Directions for this task:
Transcribe the data exactly, pictures excluded.

Raw data:
════════════════

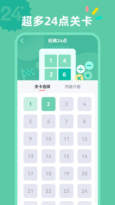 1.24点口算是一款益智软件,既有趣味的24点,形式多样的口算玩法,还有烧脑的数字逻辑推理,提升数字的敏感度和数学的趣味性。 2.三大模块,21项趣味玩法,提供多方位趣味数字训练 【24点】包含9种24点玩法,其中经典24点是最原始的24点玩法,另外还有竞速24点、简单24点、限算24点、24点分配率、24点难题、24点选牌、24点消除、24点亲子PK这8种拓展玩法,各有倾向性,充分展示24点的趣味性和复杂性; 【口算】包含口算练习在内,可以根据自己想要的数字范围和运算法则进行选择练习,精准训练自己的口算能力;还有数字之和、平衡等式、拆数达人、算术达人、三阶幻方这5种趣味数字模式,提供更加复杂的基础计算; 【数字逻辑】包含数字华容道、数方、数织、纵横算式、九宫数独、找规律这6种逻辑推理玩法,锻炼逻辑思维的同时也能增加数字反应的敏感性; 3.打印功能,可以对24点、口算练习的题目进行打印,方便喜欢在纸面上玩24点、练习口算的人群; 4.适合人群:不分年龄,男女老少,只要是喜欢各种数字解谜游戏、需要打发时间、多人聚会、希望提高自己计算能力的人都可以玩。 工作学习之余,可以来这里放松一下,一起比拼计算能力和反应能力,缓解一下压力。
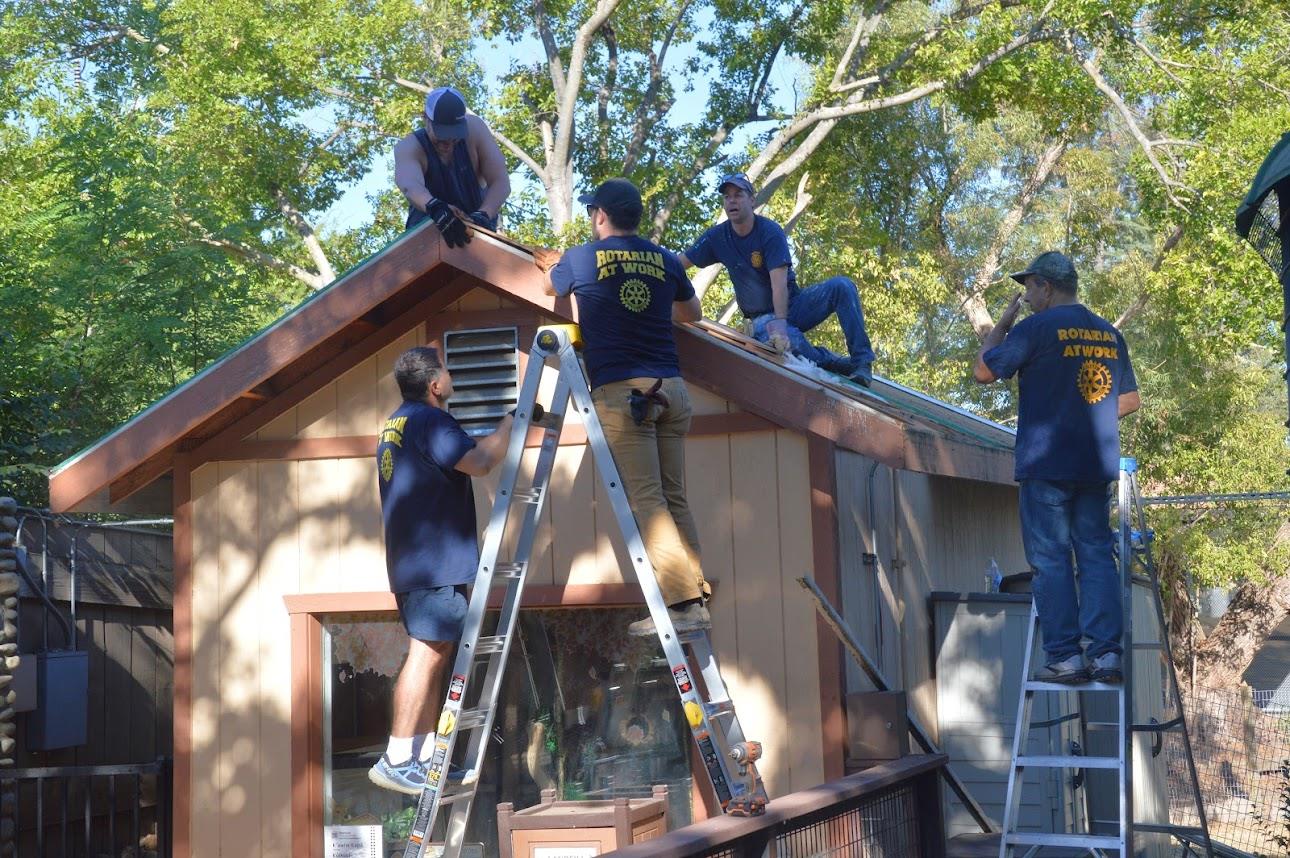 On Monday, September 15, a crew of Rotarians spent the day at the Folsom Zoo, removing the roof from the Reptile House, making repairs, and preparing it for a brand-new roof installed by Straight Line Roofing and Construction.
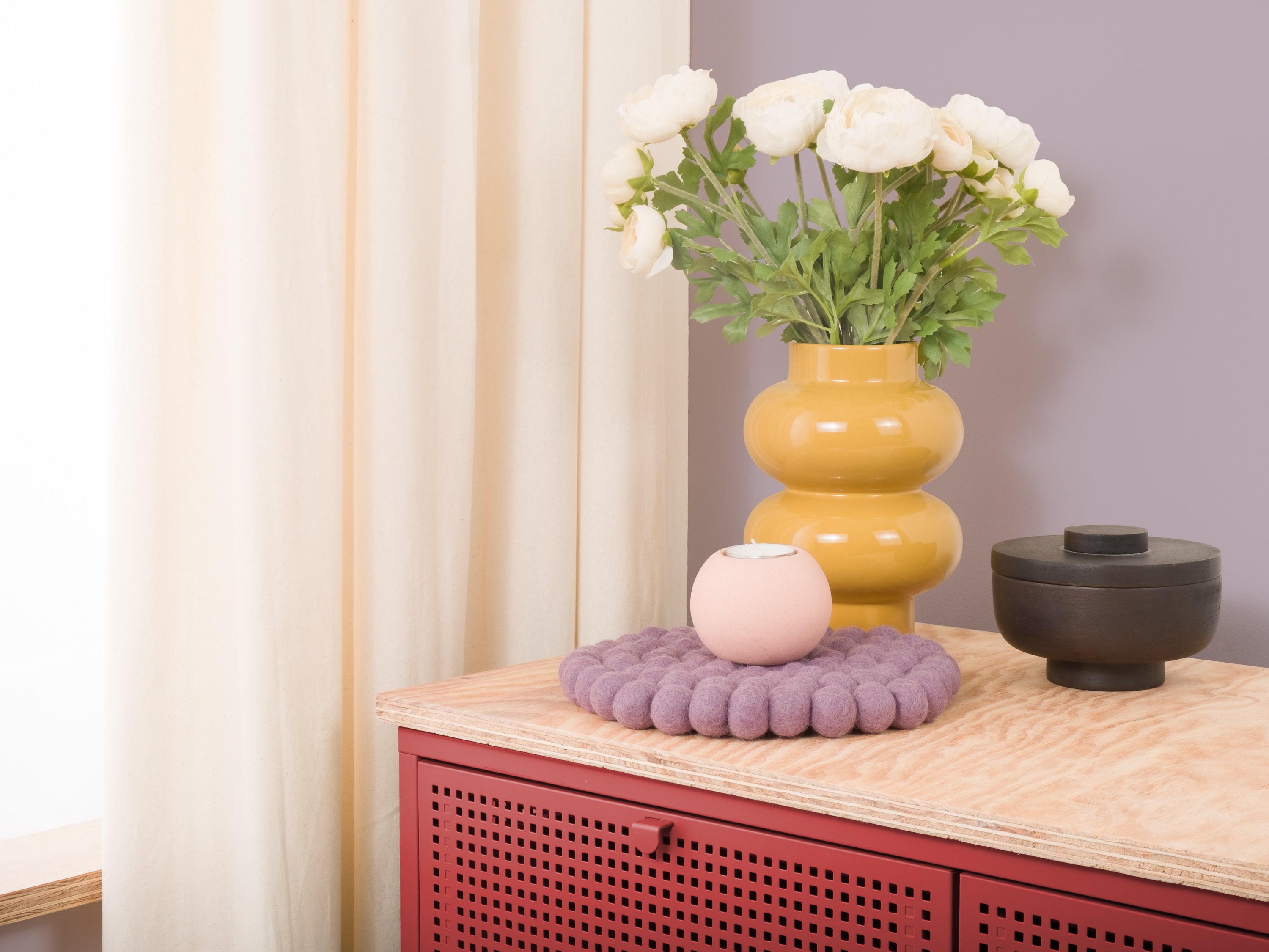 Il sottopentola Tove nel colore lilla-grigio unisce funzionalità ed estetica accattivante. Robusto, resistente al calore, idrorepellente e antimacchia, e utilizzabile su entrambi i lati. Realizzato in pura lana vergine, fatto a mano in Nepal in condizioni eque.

════════════════

Result:
 1.24点口算是一款益智软件,既有趣味的24点,形式多样的口算玩法,还有烧脑的数字逻辑推理,提升数字的敏感度和数学的趣味性。 2.三大模块,21项趣味玩法,提供多方位趣味数字训练 【24点】包含9种24点玩法,其中经典24点是最原始的24点玩法,另外还有竞速24点、简单24点、限算24点、24点分配率、24点难题、24点选牌、24点消除、24点亲子PK这8种拓展玩法,各有倾向性,充分展示24点的趣味性和复杂性; 【口算】包含口算练习在内,可以根据自己想要的数字范围和运算法则进行选择练习,精准训练自己的口算能力;还有数字之和、平衡等式、拆数达人、算术达人、三阶幻方这5种趣味数字模式,提供更加复杂的基础计算; 【数字逻辑】包含数字华容道、数方、数织、纵横算式、九宫数独、找规律这6种逻辑推理玩法,锻炼逻辑思维的同时也能增加数字反应的敏感性; 3.打印功能,可以对24点、口算练习的题目进行打印,方便喜欢在纸面上玩24点、练习口算的人群; 4.适合人群:不分年龄,男女老少,只要是喜欢各种数字解谜游戏、需要打发时间、多人聚会、希望提高自己计算能力的人都可以玩。 工作学习之余,可以来这里放松一下,一起比拼计算能力和反应能力,缓解一下压力。
 On Monday, September 15, a crew of Rotarians spent the day at the Folsom Zoo, removing the roof from the Reptile House, making repairs, and preparing it for a brand-new roof installed by Straight Line Roofing and Construction.
 Il sottopentola Tove nel colore lilla-grigio unisce funzionalità ed estetica accattivante. Robusto, resistente al calore, idrorepellente e antimacchia, e utilizzabile su entrambi i lati. Realizzato in pura lana vergine, fatto a mano in Nepal in condizioni eque.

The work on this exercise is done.